• _Dataset section_:
· · · · · · ·

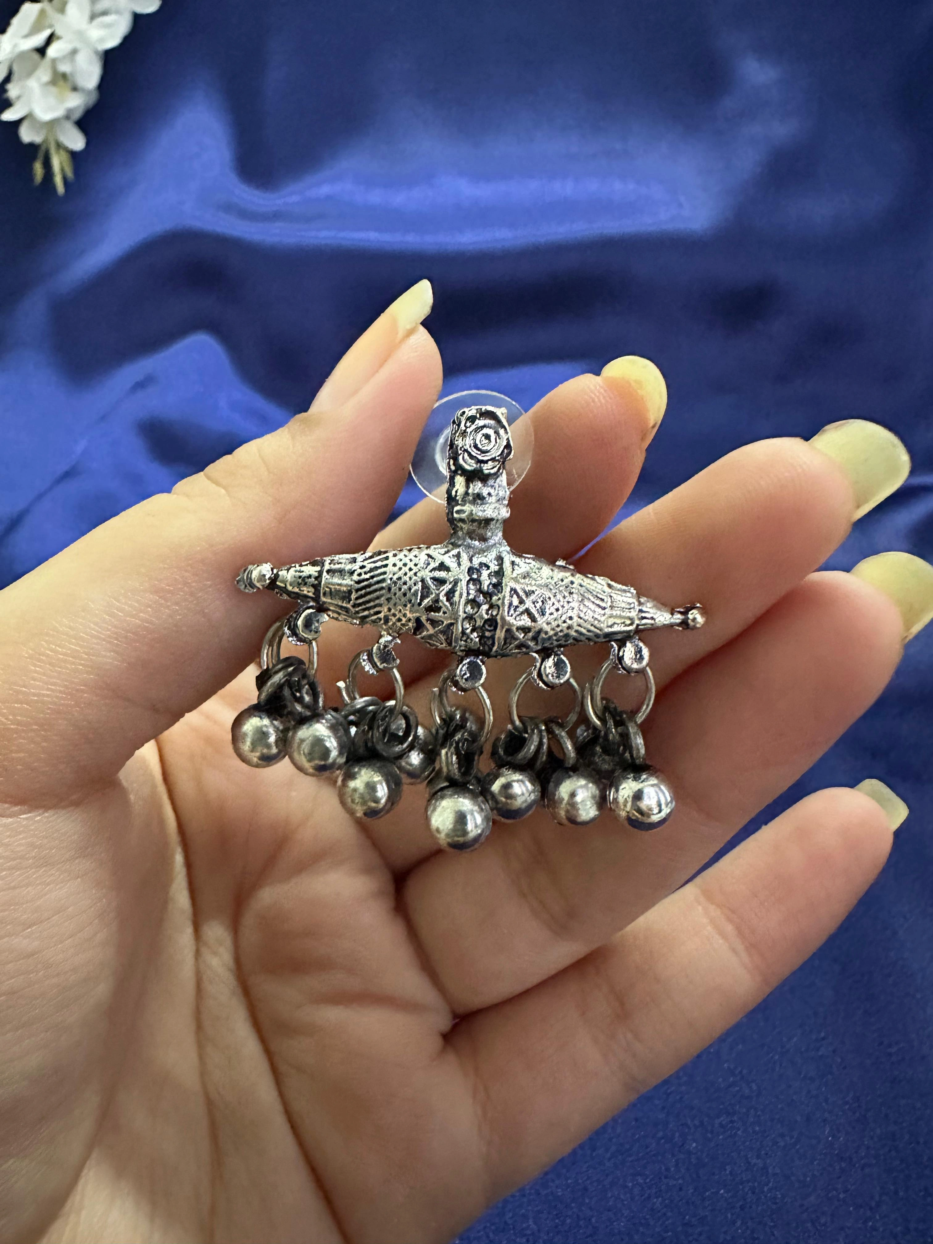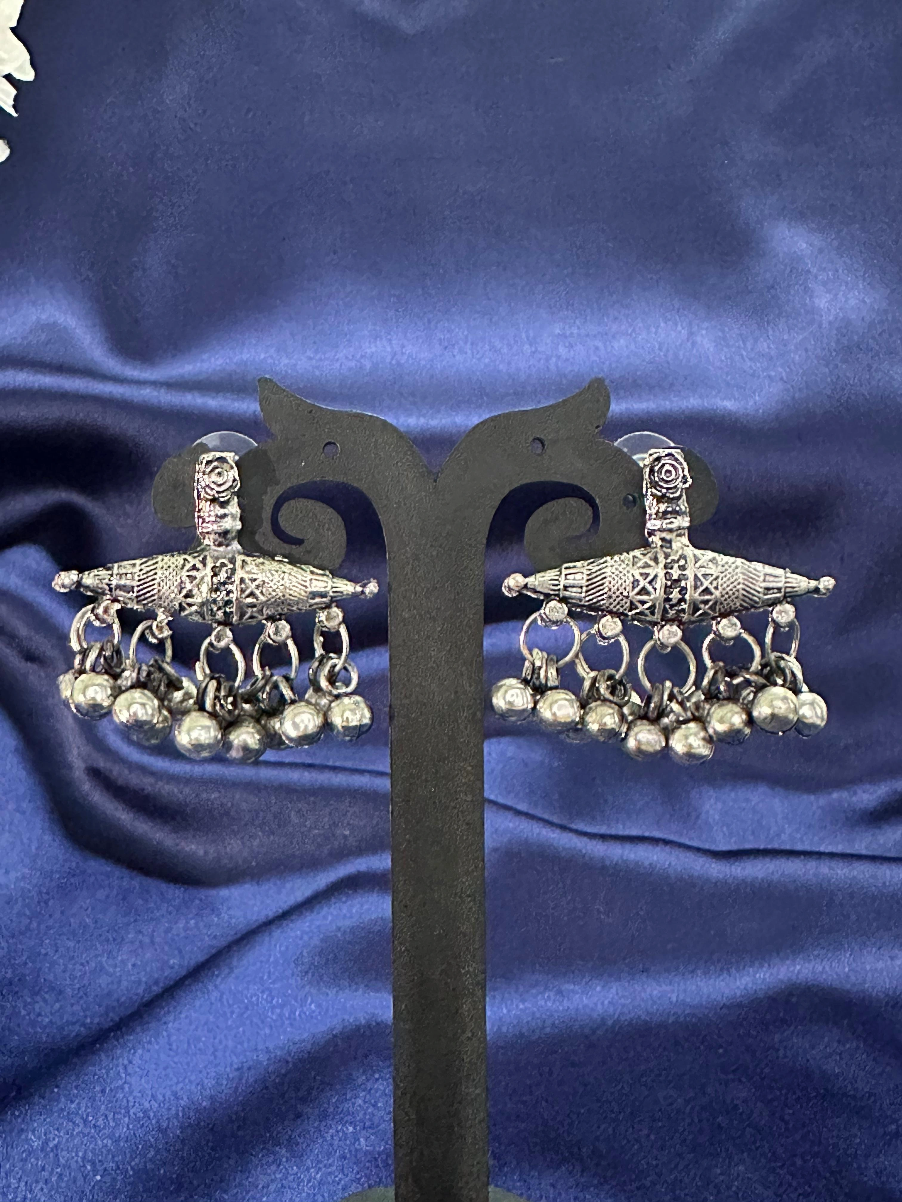Tribal Lattice Ghungroo Danglers
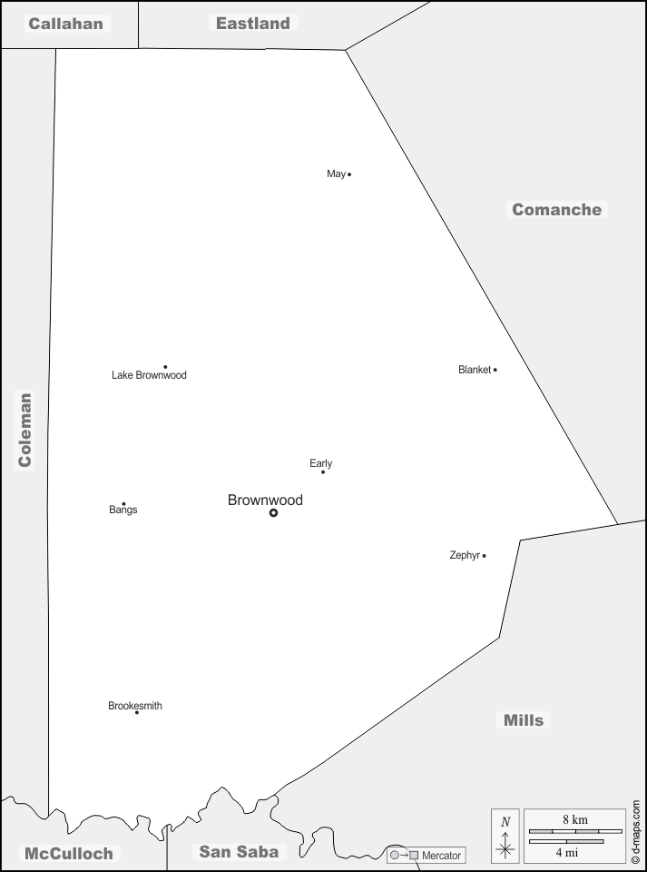 d-maps > संयुक्त राज्य > टेक्सास > ब्राउन काउंटी > सीमाओं, मुख्य शहरों, नाम
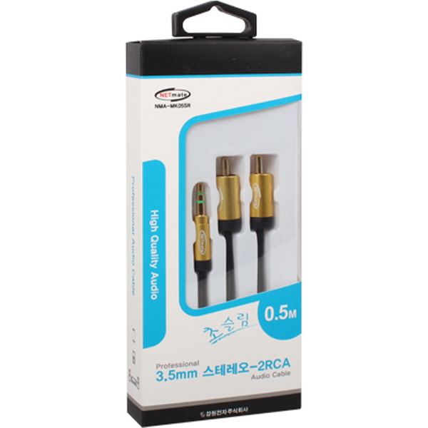 강원전자 넷메이트 초슬림 스테레오 to RCA 2선 케이블 0.5m (OFC/금도금/AUX 케이블) NMA-MK05SR
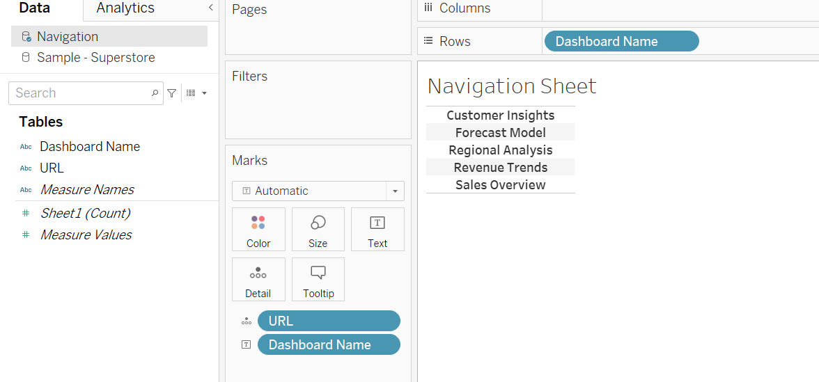In your workbooks, add this navigation repository as a new data source, then create a new sheet. This sheet will function as the navigation bar in all your dashboards, and should contain the Dashboard Name field (to display), and the URL field on detail (to feed the navigation action).

· · · · · · ·

• _Task instructions_: Would you retype every line shown above exactly, leaving the pictures aside?

• _Response area_:
Tribal Lattice Ghungroo Danglers
 d-maps > संयुक्त राज्य > टेक्सास > ब्राउन काउंटी > सीमाओं, मुख्य शहरों, नाम
 강원전자 넷메이트 초슬림 스테레오 to RCA 2선 케이블 0.5m (OFC/금도금/AUX 케이블) NMA-MK05SR
In your workbooks, add this navigation repository as a new data source, then create a new sheet. This sheet will function as the navigation bar in all your dashboards, and should contain the Dashboard Name field (to display), and the URL field on detail (to feed the navigation action).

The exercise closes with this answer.